Cell culture and treatment

MIN6 cells (kindly provided by Professor Jun-ichi Miyazaki, Division of Stem Cell Regulation Research, Osaka University, Graduate School of Medicine, Osaka, Japan) were used between passages 25 and 40 at ∼80% confluence. The MIN6 cells were grown in Dulbecco’s modified Eagle medium (DMEM), containing 25 mM glucose supplemented with 10% (v/v) heat-inactivated fetal bovine serum (FBS), and equilibrated in 5% CO2 and 95% air at 37 °C32. Prior to the experiments, the medium was removed and the cells were washed twice with phosphate-buffered saline. Complete details of each treatment are provided in the corresponding figure legend.

BrdU incorporation in islets and MIN6 cells

Islets were isolated from 8-week-old mice using a method described previously31. The isolated islets were cultured in RPMI 1640 medium (Wako Pure Chemical Industries) containing 5.6 mM glucose supplemented with 1% FBS. Following incubation of the islets for 24 h in medium containing 1 mM bethanechol, 0.5 mM carbachol and BrdU, BrdU incorporation was measured with a BrdU cell proliferation assay (Calbiochem) in accordance with the manufacturer’s protocol.

BrdU incorporation was also investigated in the MIN6 pancreatic β-cell line using the FITC-BrdU Flow kit (BD Pharmingen) in accordance with the manufacturer’s protocol.
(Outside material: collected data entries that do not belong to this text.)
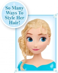 Der Elsa-Frisierkopf von Just Play zeigt die beliebte Prinzessin aus dem Film DISNEY FROZEN detailgetreu. Dank der langen, dichten und leicht entwirrbaren Haare können Kinder Zöpfe, Wellen und elegante Dutts kreieren. Die stabile Kunststoffbasis hält den Kopf fest auf dem Tisch – so wird das Frisieren bequem und macht Spaß.
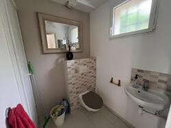 À l'étage, se trouvent une grande pièce ouverte sur le palier (pouvant être aménagée en chambre d'appoint ou en bureau), une chambre, une salle d'eau et un WC.
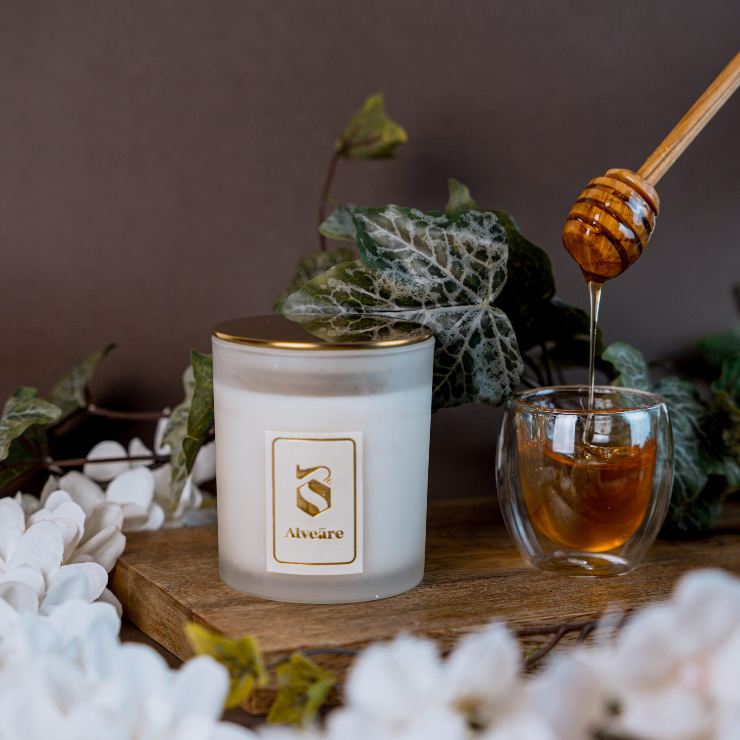 Χειροποίητο αρωματικό κερί σόγιας Enchantment με άρωμα Honey Blossom σε frosted βάζο και μεταλλικό καπάκι. Ιδανικό για μεσαίους χώρους ή γραφεία.
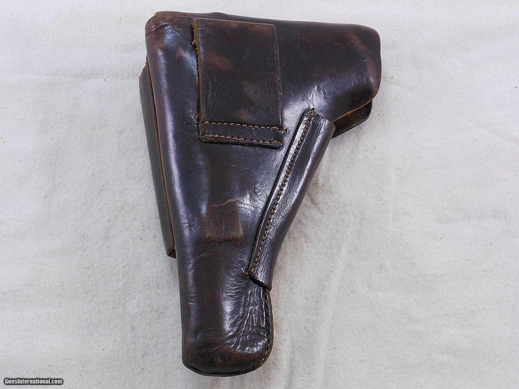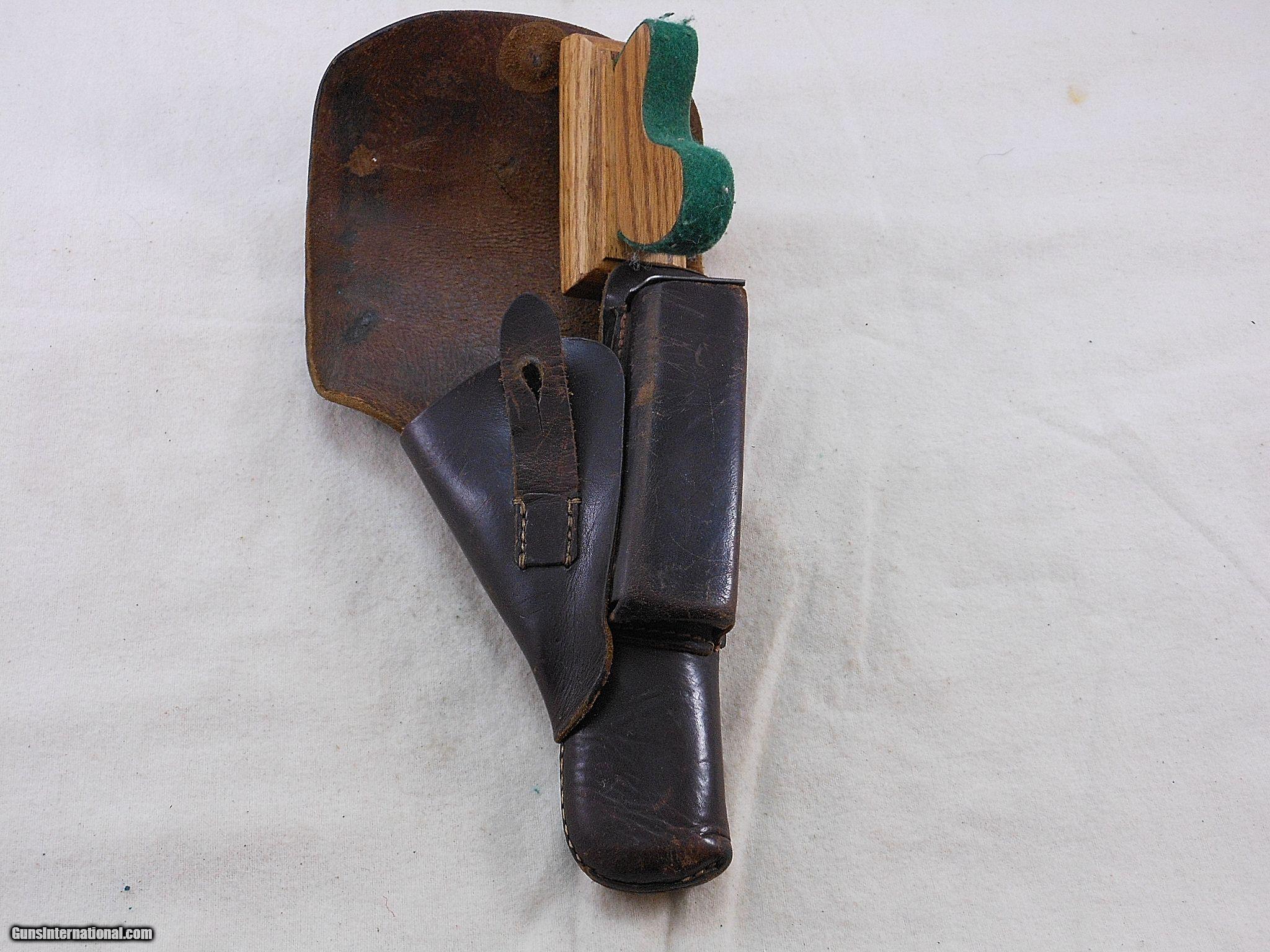 Description: This holster is dated 1944. The manufacturing code is CLG. The brown leather holster is in supple condition and servicable. The front flap had some kind of insignia attached at one time. This holster has seen service use. The magazine is a original 1935 F.N. magazine in nice condition. This is a decent military holster and magazine for a war time Browning high power pistol. Search for hlvfine guns on google. C.A.C. Consn. F. No. 267 -16 SOLD |

Cells were cultured with serum-free DMEM containing 5.5 mM glucose for 24 h prior to stimulation. Cells were stimulated with muscarinic agonists for 24 h in the same medium, followed by the addition of BrdU. The cells were fixed 20 h later, stained with FITC-BrdU antibodies, and 20,000 cells were analysed by flow cytometry (FACS Canto II, BD Biosciences). The proportion of BrdU-positive cells was calculated using FACS DIVA software (BD Biosciences).

Immunoblotting

For immunoblotting, >100 isolated islets were lysed in ice-cold radioimmunoprecipitation buffer containing a complete protease inhibitor cocktail (Roche Diagnostics). The lysed islets were subjected to centrifugation and the extracts were subjected to immunoblotting with antibodies to the following proteins: Akt, phospho-Akt, forkhead transcription factor (FoxO1) (Cell Signalling Technology); cyclin D2, forkhead box protein M1 (FoxM1) (Santa Cruz); pancreatic and duodenal homeobox 1 (PDX1) (Merck); or β actin (Abcam). Densitometry was performed using Multi Gauge V3.0 software (FujiFilm).

Statistical analyses

All data are expressed as the mean ± standard error. All statistical analyses were performed using JMP 11.2.0 software. The data were analysed using Student’s t-tests or analysis of variance. A P value < 0.05 was considered to indicate a statistically significant difference.